Additionally, a Canadian insurgency would likely be far more difficult to deal
with than either of those countries. The population is higher than either Iraq
or Afghanistan, geographically more spread out and better
educated/trained/equipped on average. e.g. Canada is nowhere near the U.S. in
terms of total gun ownership, but they do have a _lot_ of rifles that see
daily use (Bears, eh!). There's also no language barrier and massive avenues
for intelligence leaks both ways thanks to the intertwined nature of the two
nations, but such leaks do tend to benefit the smaller, more mobile side
asymmetrically.

The U.S. economy would likely be crippled due to loss of trade with the U.S.'s
largest trading partner as well as foreign sanctions. Large portions of the
U.S. would be left without electrical power. The flow of fossil fuels from
North of the border would soon stop and likely stay stopped (Pipelines are
railroads are relatively easy for their own workers to disable). I honestly
doubt any U.S. administration that tried to attack Canada would survive the
domestic insurrection that would soon occur.

------
arethuza
Related Wikipedia page:

[http://en.wikipedia.org/wiki/War_Plan_Red](http://en.wikipedia.org/wiki/War_Plan_Red)

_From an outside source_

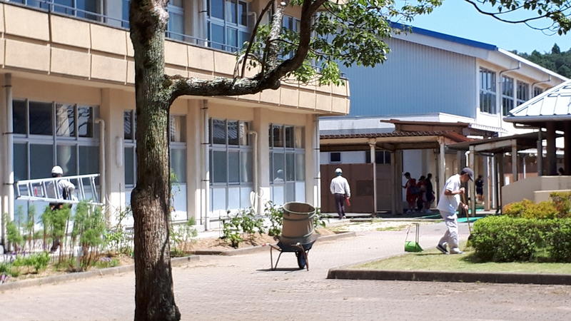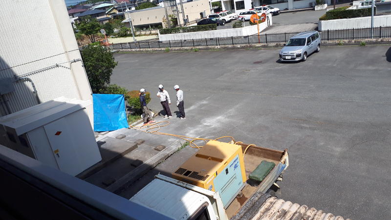 そして校舎横を移動しているのは、エアコン関連工事の業者さんです。その先には・・・

Also, if you find that interesting you might like the exercise "Operation
Skyshield" that had UK nuclear bombers successfully penetrating US air
defenses in the 1960s:

[http://en.wikipedia.org/wiki/Operation_Skyshield](http://en.wikipedia.org/wiki/Operation_Skyshield)

Edit:

Also, the book "What Ifs? of American History" has a scenario with the US
going to war with the British Empire in 1896 - with the apt title of "The
Whale Against the Wolf".

[http://en.wikipedia.org/wiki/What_Ifs%3F_of_American_History](http://en.wikipedia.org/wiki/What_Ifs%3F_of_American_History)

------
redthrowaway
The US had plans to invade Canada, the Canadian Gov't planned to try to hold
out until the British rescued us, and the British figured Canada wasn't worth
the bother.

------
trekky1700
Ironically, a year after this document was made, this was built:
[http://en.wikipedia.org/wiki/Peace_Arch](http://en.wikipedia.org/wiki/Peace_Arch)

 _May these gates never be closed_

------
datawander
The US has invasion plans for every conceivable scenario, friend or foe.

As fascinating and as much as I like these topics, this is on Hacker News
because....?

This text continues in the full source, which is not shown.